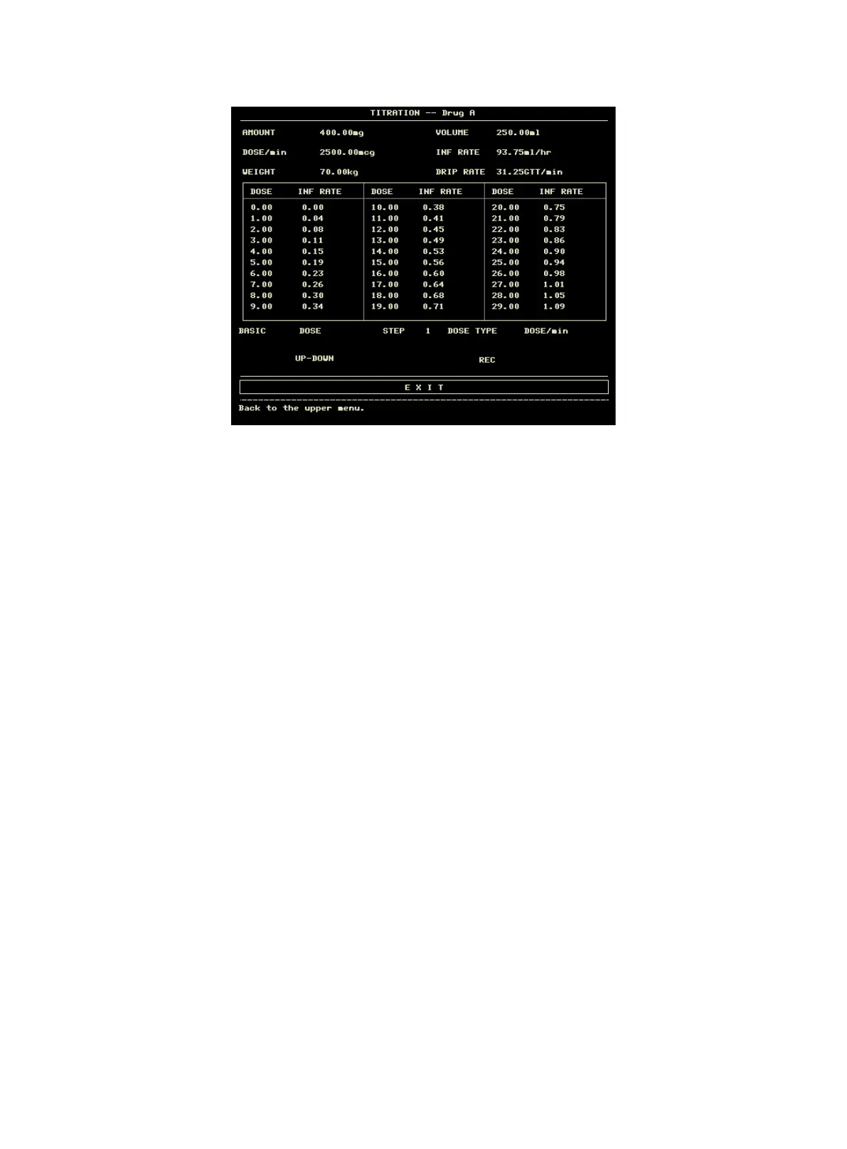 6) Portare il cursore su EXIT e premere la manopola per tornare al menù DRUG CALC.
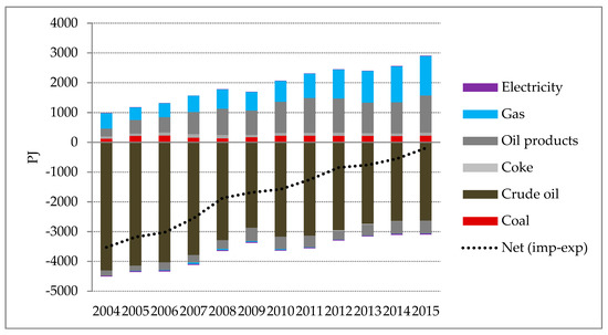 Evolution of energy imports and exports (own elaboration with data from [7]).
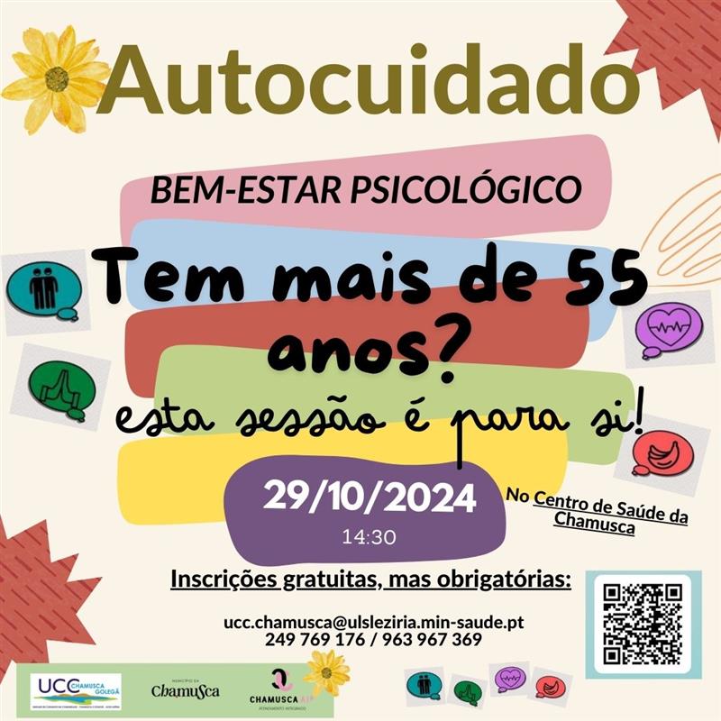 No próximo dia 29 de outubro, pelas 14h30, no âmbito das comemorações do Dia Mundial da Saúde Mental, celebrado a 10 de outubro, a UCC Chamusca/Golegã conta com a colaboração do Município da Chamusca na dinamização de uma sessão intitulada de " Autocuidado – Bem-estar psicológico", para utentes com 55 anos ou mais.
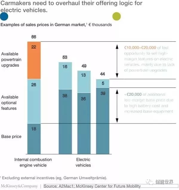 基本的電動汽車配置已經(jīng)包含了很多選裝件。由于電池成本高,電動汽車的基本價格也變高了,迫使原始設(shè)備供應(yīng)商在電動汽車的基本配置中加入比相應(yīng)內(nèi)燃機汽車更多的選裝件,這使得他們不再能達(dá)到以往的高邊際利潤率。

────────────────────────────────────────

[Task statement]: Please retype all of the material exactly, skipping whatever images it holds.

[Result of this exercise]:
 6) Portare il cursore su EXIT e premere la manopola per tornare al menù DRUG CALC.
 Evolution of energy imports and exports (own elaboration with data from [7]).
 No próximo dia 29 de outubro, pelas 14h30, no âmbito das comemorações do Dia Mundial da Saúde Mental, celebrado a 10 de outubro, a UCC Chamusca/Golegã conta com a colaboração do Município da Chamusca na dinamização de uma sessão intitulada de " Autocuidado – Bem-estar psicológico", para utentes com 55 anos ou mais.
 基本的電動汽車配置已經(jīng)包含了很多選裝件。由于電池成本高,電動汽車的基本價格也變高了,迫使原始設(shè)備供應(yīng)商在電動汽車的基本配置中加入比相應(yīng)內(nèi)燃機汽車更多的選裝件,這使得他們不再能達(dá)到以往的高邊際利潤率。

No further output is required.